Blockhead

Music By Cavelight

BY Noel DixPublished Jan 1, 2006

Up until now, Blockhead is best known for providing the beats for college friend Aesop Rock, but the young producer has finally stepped up to centre stage to deliver an absolutely gorgeous blend of live instrumentation, dreamy slow-paced beats and helium-induced vocal samples. Though the majority was created with nothing more than a sampler, Music By Cavelight is a very organic-sounding record that captures all sorts of elements such as spiritual choirs, a wide variety of horns and even Peanuts snippets, set to a down-tempo backdrop that often sends chills down your spine. Blockhead’s hip-hop background shines often, such as his album’s first two joints, "Hello Poptartz” and "You’ve Got Maelstrom,” which both employ Omege One on the cuts over childish feel-good rhythms such as xylophone and flutes. "Carnivores Unite” takes the beats up a few pitches to create a good dance floor opportunity, but it’s when he crafts pure symphonies of epic proportions such as the harmonica-driven "Sunday Seance” that hints at Four Tet with its slow piano tinkering. Blockhead covers a lot of ground with his first solo release, moving from straight-up hip-hop to East Indian sitar vibes all in the same outing and all with fantastic results.
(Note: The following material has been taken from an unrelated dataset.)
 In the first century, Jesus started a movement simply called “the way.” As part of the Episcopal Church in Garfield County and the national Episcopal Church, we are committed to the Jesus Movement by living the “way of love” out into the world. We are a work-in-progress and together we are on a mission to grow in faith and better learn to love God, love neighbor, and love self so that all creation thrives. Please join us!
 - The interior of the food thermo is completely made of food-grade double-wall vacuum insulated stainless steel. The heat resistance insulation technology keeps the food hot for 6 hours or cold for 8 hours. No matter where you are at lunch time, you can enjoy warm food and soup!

Whether we’ll ever receive another effort in this fashion seems unlikely as the production was done a few years ago and his sound is already evolving, but you can bet that anything this emerging talent touches will be solid gold.
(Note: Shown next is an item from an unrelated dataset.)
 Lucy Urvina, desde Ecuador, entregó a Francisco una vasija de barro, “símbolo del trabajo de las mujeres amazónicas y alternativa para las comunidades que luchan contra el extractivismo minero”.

You seem partial to sampling jazz horns. Yeah, when I made the album I was listening to a lot of jazz. I still like sampling horns, but I don’t listen to as much jazz as I used to. Nowadays I’m more into sampling unintelligible vocal samples or stuff that isn’t words. I try to be the Pete Rock of unintelligible vocals.

You also have the tendency to speed up your vocal samples. It’s not intentional. It’s funny because sped-up vocal samples are so big right now. I made "Tryptic Part One” with the [sped-up] "there is no greater love” sample in ’98, and I’m sure I’m not the first one to do that either. With production it’s always whoever gets it out first, you know? I also slow down samples, so it’s however it fits the mood of the pitch of the song.

Is it true you used to rap but stuck with producing because friends said you sucked? By today’s terms I was actually alright. Back then I couldn’t hang with it, but today there are all these fucking indie records and I’m as good as half of them.